Even so, WikiLeaks’ acts in relation to the cables give the free speech community whiplash. On the one hand, there is no doubt that the vast majority of this information was of public interest — to many publics and in many ways, including the quintessential rationale for journalistic leaks, whistleblowing. If Julian Assange could be prosecuted in the US under the Espionage Act for mere publication, so could any major media enterprise or human rights group, a tremendous blow to freedom of expression and the right to information in a jurisdiction that often leads in protecting these rights. On the other, many human rights activists are disturbed at the willingness of WikiLeaks to further expose individuals to reprisal in the name of freedom of information. A bright line in values had been crossed.

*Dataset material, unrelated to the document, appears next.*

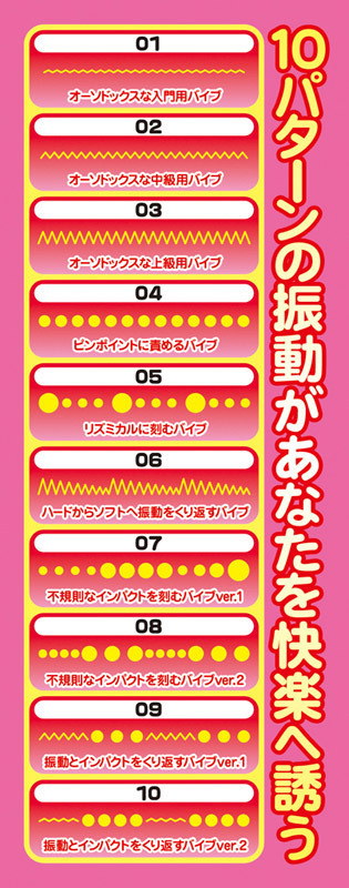 ●エラストマー素材のクリアボディ●全長8.5cm、最大径3cmのコンパクトサイズ●柔らかく抜けにくいオルガスター型●クリトリス刺激用の凸凹付き●取り外し可能なミニローター内蔵●ボタン長押しで電源OFF●リズミカル振動を含む全10パターン●生活防水&静音設計。

WikiLeaks had taken a different approach with the US diplomatic cables than it had with the Afghanistan war logs, pacing its releases, redacting more carefully, and soliciting input on risks, even from the US government. This made its unredacted dump the more surprising. The publication of the raw cables by others did not absolve Wikileaks of responsibility in its own publication. By providing additional publicity and an implicit authentication, it may have added to tangible risks, but just as important, it undercut its own claim to concern for protection of individuals from abuse. The function of alerting persons who might be named in the cables could have been performed much earlier, and in ways that publicly acknowledged the wide dissemination of the cables by early 2011. And by the time Wikileaks published, the more debatable function of providing unredacted access to the global public was underway at other websites.
What lessons should publishers draw? The first is that it is hard to keep confidential information secret, and this is as much a human as a technical problem. Information not only “wants to be free,” as Stewart Brand noted it also has value, and people want to trade it. Digital information is especially easy to amass and pass in the internet age, and large data leaks are likely to proliferate.

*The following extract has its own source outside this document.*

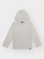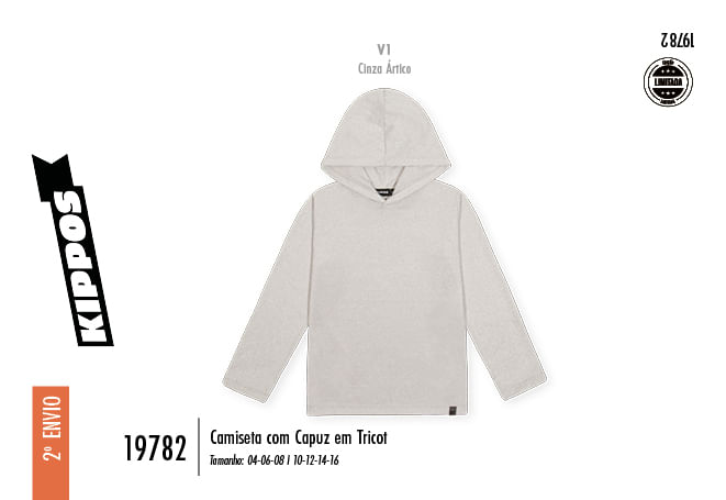 "Esta camiseta com capuz Kippos redefine o conceito de conforto com um toque de elegância para a moda infantil. Confeccionada em tricot, a peça oferece uma textura aconchegante e um caimento leve, ideal para quem busca um visual casual-chic sem abrir mão do bem-estar. O design moderno conta com um capuz funcional com transpasse no decote e acabamento em bainha, além de uma sofisticada etiqueta clip decorativa na barra, que reforça o DNA premium da marca.

Next, large data sets are hard to handle responsibly. They require large resources to review, analyze and redact, as my organisation, Human Rights Watch, has discovered when it secured troves in Kurdistan, Chad and Libya. WikiLeaks appropriately went to major newspapers that could muster the resources to handle it well. Yet it is governments and intelligence services that have the most resources to analyze and mine large data sets (and correlate information to other intelligence), making it all the more important for those who publish whistleblowing to try to protect individuals at risk.
Not everything is worth the effort of publishing in a responsible way. Newspapers know this, because they have to pay for newsprint. But there is a moral economy as well, where the more attenuated the public’s interest, the more other values and goals might weigh against exposure. Most researching professions, to ensure their moral legitimacy, aim not only to increase knowledge but to protect human security, privacy, and dignity. Sometimes preserving rather than uploading can be a reasonable alternative.

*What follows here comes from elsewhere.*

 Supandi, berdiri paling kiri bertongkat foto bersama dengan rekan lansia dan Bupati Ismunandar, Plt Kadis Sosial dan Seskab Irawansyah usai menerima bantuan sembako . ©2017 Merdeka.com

Finally, we should strive to create a culture of ethical transparency, because without an ethical underpinning, it will be difficult to resist growing efforts to tighten up laws that punish leaks. Part of that is cultivating some modesty about our ability to fortell the full consequences of either exposure or concealment, and a willingness to be responsible for decisions either way.
Dinah Pokempner is General Counsel of Human Rights Watch.